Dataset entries
*** Begin section ***
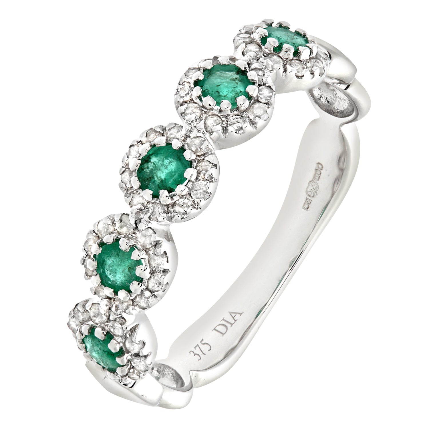 0.26ct Round Emerald and 0.22ct Diamond Pave Set Half Eternity Ring in UK Hallmarked 9ct White Gold
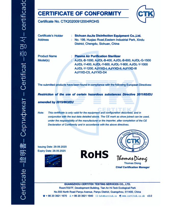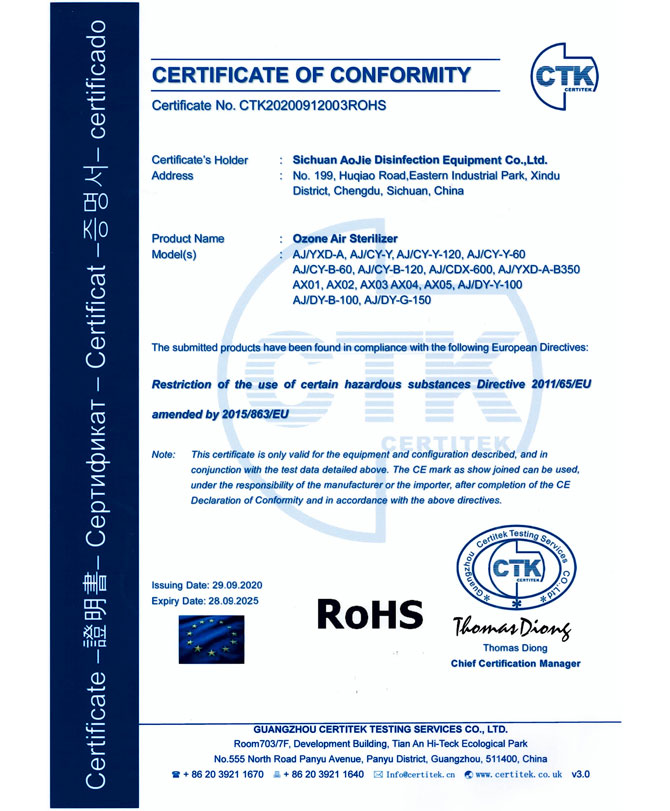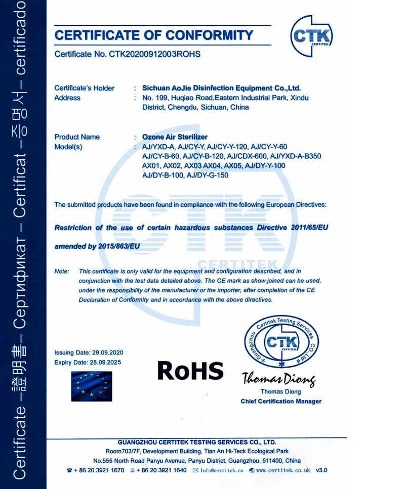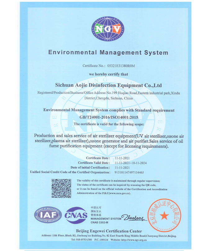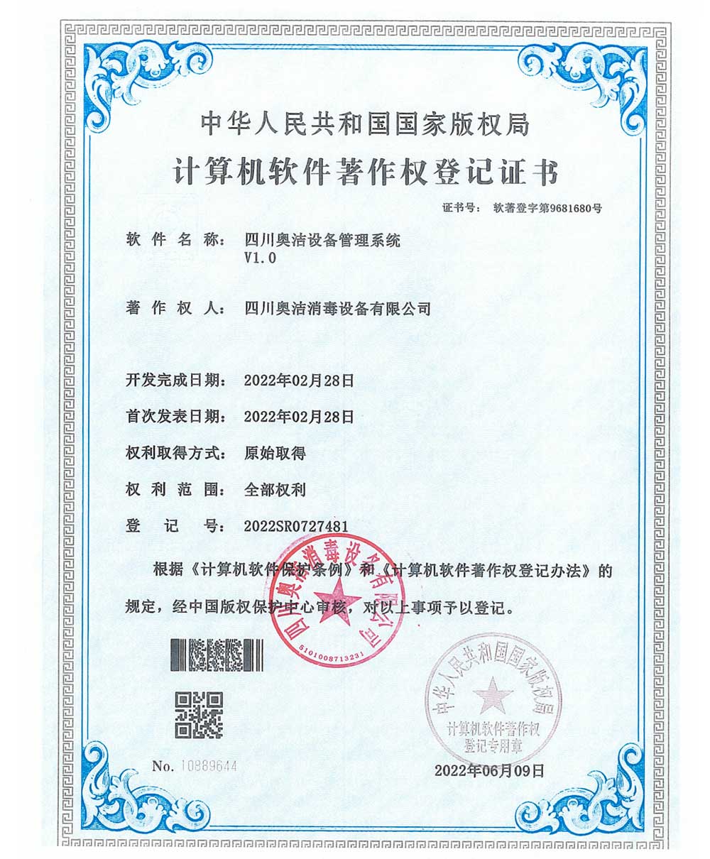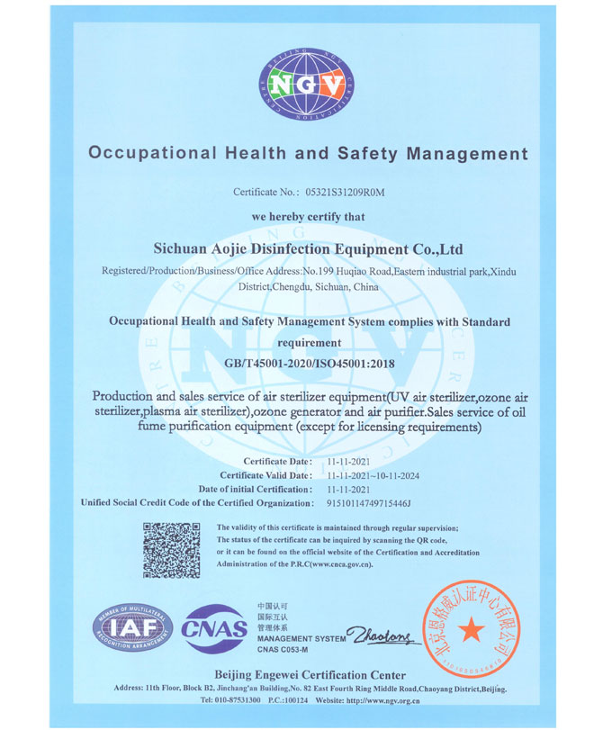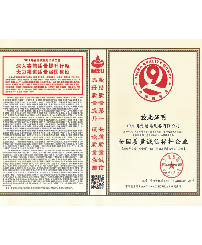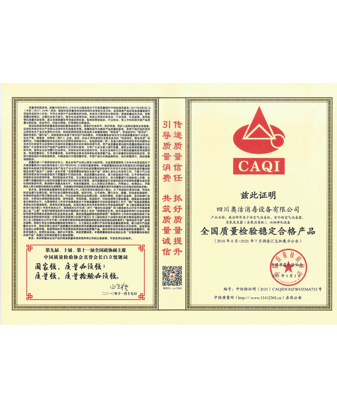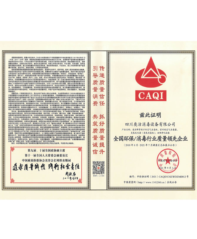 企業(yè)獲得了ISO9001國際質(zhì)量管理體系認證、IS014001環(huán)境管理體系認證、IS045001職業(yè)健康安全管理體系認證、歐盟CE認證、ROHS認證、中國環(huán)境保護CEP認證等多項國際國內(nèi)認證,并榮獲了“中國防疫物資行業(yè)最具影響力品牌企業(yè)”、“全國質(zhì)量信得過產(chǎn)品”、“全國環(huán)保/消毒行業(yè)質(zhì)量領(lǐng)先企業(yè)”、“最具社會責(zé)任感企業(yè)”、“中國制造強國論壇受邀企業(yè)”等諸多榮譽。
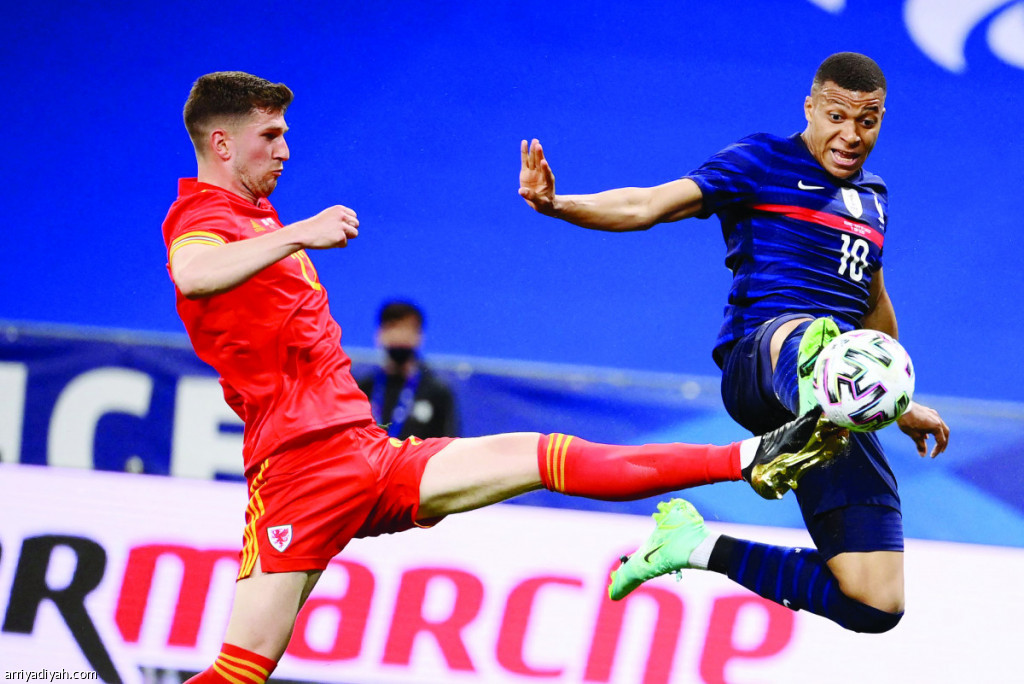 صورة التقطت الأربعاء الماضي لمبابي مهاجم المنتخب الفرنسي في صراع على الكرة مع كريس ميفام مدافع المنتخب الويلزي خلال المباراة التجريبية بينهما (الفرنسية)
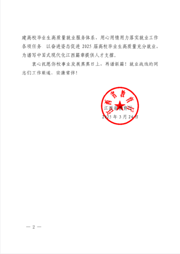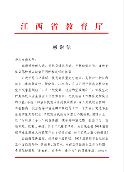 近日,省教育厅向开元发来感谢信,感谢开元就业战线的同志们不惧挑战、迎难而上,以“时时放心不下”的责任感、使命感和紧迫感,担当作为、攻坚克难,以有力举措、实干作风履职尽责,为实现全省 2024 届高校毕业生就业大局稳定作出了积极贡献。希望开元聚焦“走在前、勇争先、善作为”的目标要求,加快构建高校毕业生高质量就业服务体系,用心用情用力落实就业工作各项任务,以奋进姿态促进2025届高校毕业生高质量充分就业,为谱写中国式现代化江西篇章提供人才支撑。
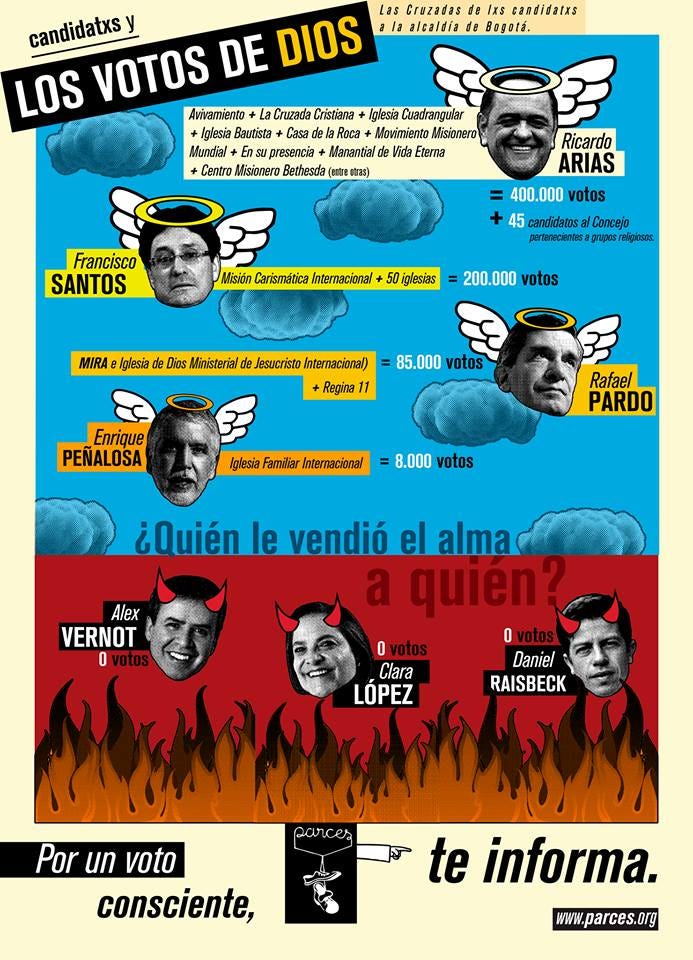 Hoy son elecciones locales en Colombia y la ONG Parces ha publicado esta sencilla infografía donde expone qué campañas tienen lazos con iglesias y cuánto les representa en votos:
*** End section ***
● Exercise details
Write out each line of the data above exactly, starting at the top and finishing with the line containing "صورة التقطت الأربعاء"; omit the pictures.

● Answer section
 0.26ct Round Emerald and 0.22ct Diamond Pave Set Half Eternity Ring in UK Hallmarked 9ct White Gold
 企業(yè)獲得了ISO9001國際質(zhì)量管理體系認證、IS014001環(huán)境管理體系認證、IS045001職業(yè)健康安全管理體系認證、歐盟CE認證、ROHS認證、中國環(huán)境保護CEP認證等多項國際國內(nèi)認證,并榮獲了“中國防疫物資行業(yè)最具影響力品牌企業(yè)”、“全國質(zhì)量信得過產(chǎn)品”、“全國環(huán)保/消毒行業(yè)質(zhì)量領(lǐng)先企業(yè)”、“最具社會責(zé)任感企業(yè)”、“中國制造強國論壇受邀企業(yè)”等諸多榮譽。
 صورة التقطت الأربعاء الماضي لمبابي مهاجم المنتخب الفرنسي في صراع على الكرة مع كريس ميفام مدافع المنتخب الويلزي خلال المباراة التجريبية بينهما (الفرنسية)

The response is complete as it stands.